First, the games were huge, the biggest sporting event in the world, with 10,864 athletes competing in dozens of events all over New York City. We traveled from the questionable neighborhood around Columbia University to the questionable neighborhood around Yankee Stadium. We traveled to a questionable island that looked like a body dumping ground to watch women's softball.

Second, everyone was warmly welcomed by New Yorkers. No one got mugged, as far as I know. Third, it was beastly hot.

It was so hot the tattoos of Team San Francisco's fast and colorful sprinters were running down their unitards.

It was so hot that city grit stuck to sweat the way feathers stick to tar. Spectators sweated only a little less than athletes.

It was so hot that fog developed above the ice of the Coney Island rink where hockey was played. There won't be any skating at the 2012 Summer Olympics, but if the games are in New York, spectators will regret the absence of Zamboni-intensive sports. They'll need something cold to huddle around besides Italian ices.

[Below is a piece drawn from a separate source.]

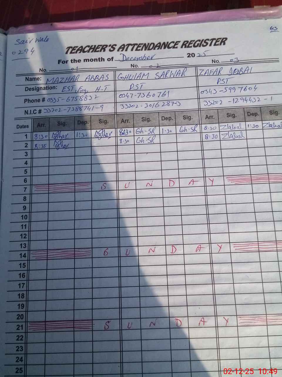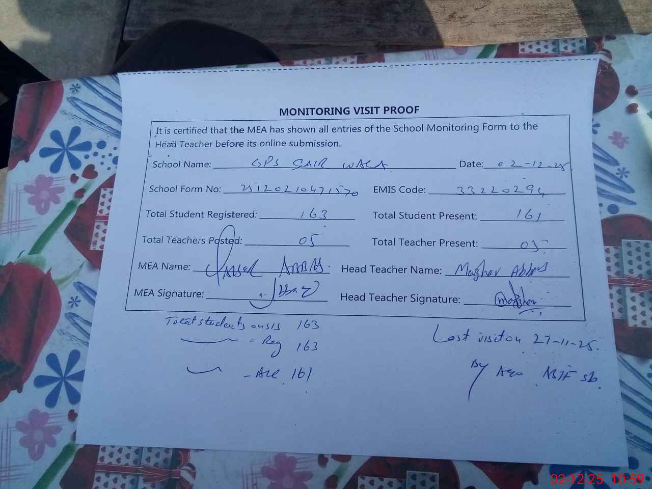 | EMIS Code: 33220294 | Name of School: GPS SAIR WALA | |||
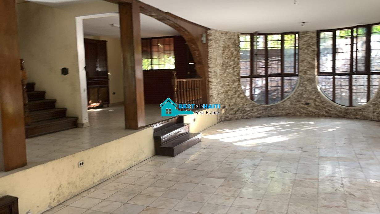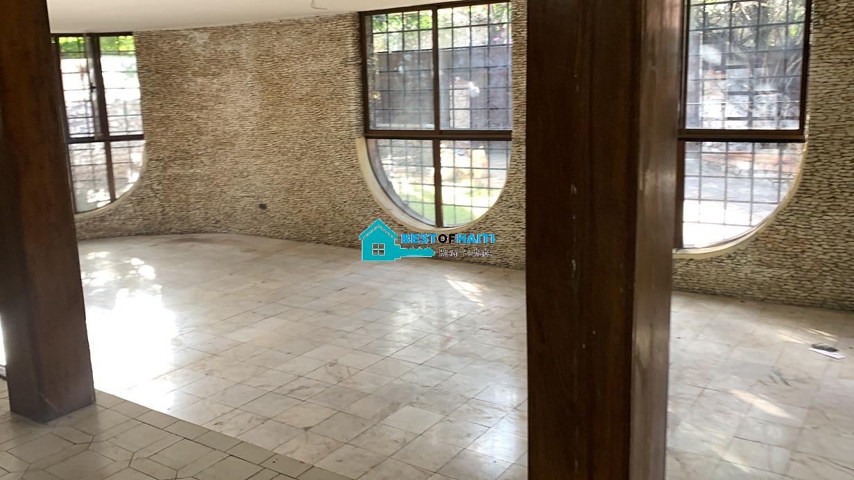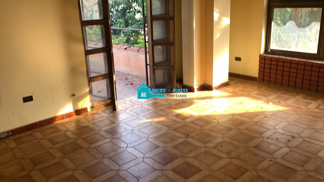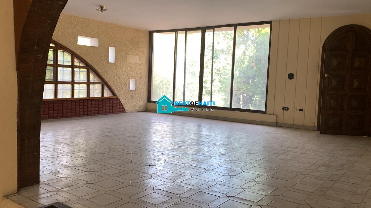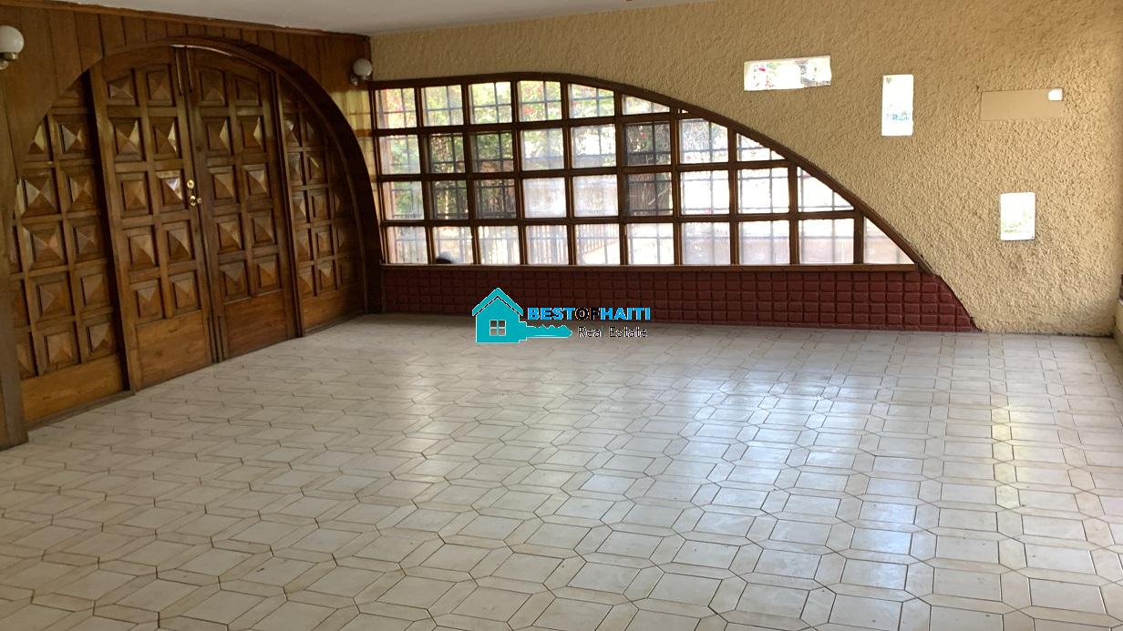 Big house for rent in Juvenat (Karibe Hotel area), Petion-Ville, Haiti. Property is super large with 5 spacious bedrooms, 6 bathrooms, super grand living/dining rooms that renter can use as conference room. Use it for either private resident or commercial property such as: office, warehouse/storage space, multi-family home, commercial business or more. The house can be divided into office rooms.

In San Francisco, we have running weather. During the Gay Games of August 1986, a participant from New York was quoted by Herb Caen as saying, "You people have the strangest weather -- three seasons every day, not one of them summer."

At the 1994 Gay Games in New York, we had two seasons every day -- steam bath and barroom air-conditioning.

New York may be the sentimental favorite to win the 2012 summer games because of the Sept. 11 attack, but USOC members should remember that the summer of 2012 is a long way off. The only certainty is that it will be hot, perhaps even hotter than before because of global warming.

The USOC should imagine standing in a 95-degree station waiting for a subway to arrive in a cloud of grit to carry them to an event in some borough where they'll find the same heat and more grit.

In the Bay Area, they can board a BART car in 60-degree San Francisco and travel to an invigorating dry heat in Santa Clara County -- when BART is extended there, that is.

New York is ahead of San Francisco in an area that used to be one our strengths -- NIMBYs. No one in the Bay Area has said "not in my backyard" to the 2012 Olympics, so far, although this may be because we have trouble looking beyond our next restaurant reservation. New York, though, already has neighborhood opposition to its Olympic proposals.

Many New Yorkers smell real estate speculation, whether it's on the West Side, where the Olympic Stadium would be built (eventually going to the Jets) or in the future whitewater kayaking neighborhoods of Queens -- where Archie Bunker must be capsizing in his grave. New York is a great city, but when you get on a subway in Manhattan and travel 30 minutes to another borough for an Olympic event, you're still in New York -- but not as interesting a part of New York as Manhattan.

When you travel 30 minutes from San Francisco, you enter different worlds like Berkeley or Palo Alto, which have different charms -- and different weather.

All parts of New York are venues for the same weather. If the USOC wants a sweatathon, that should be its choice.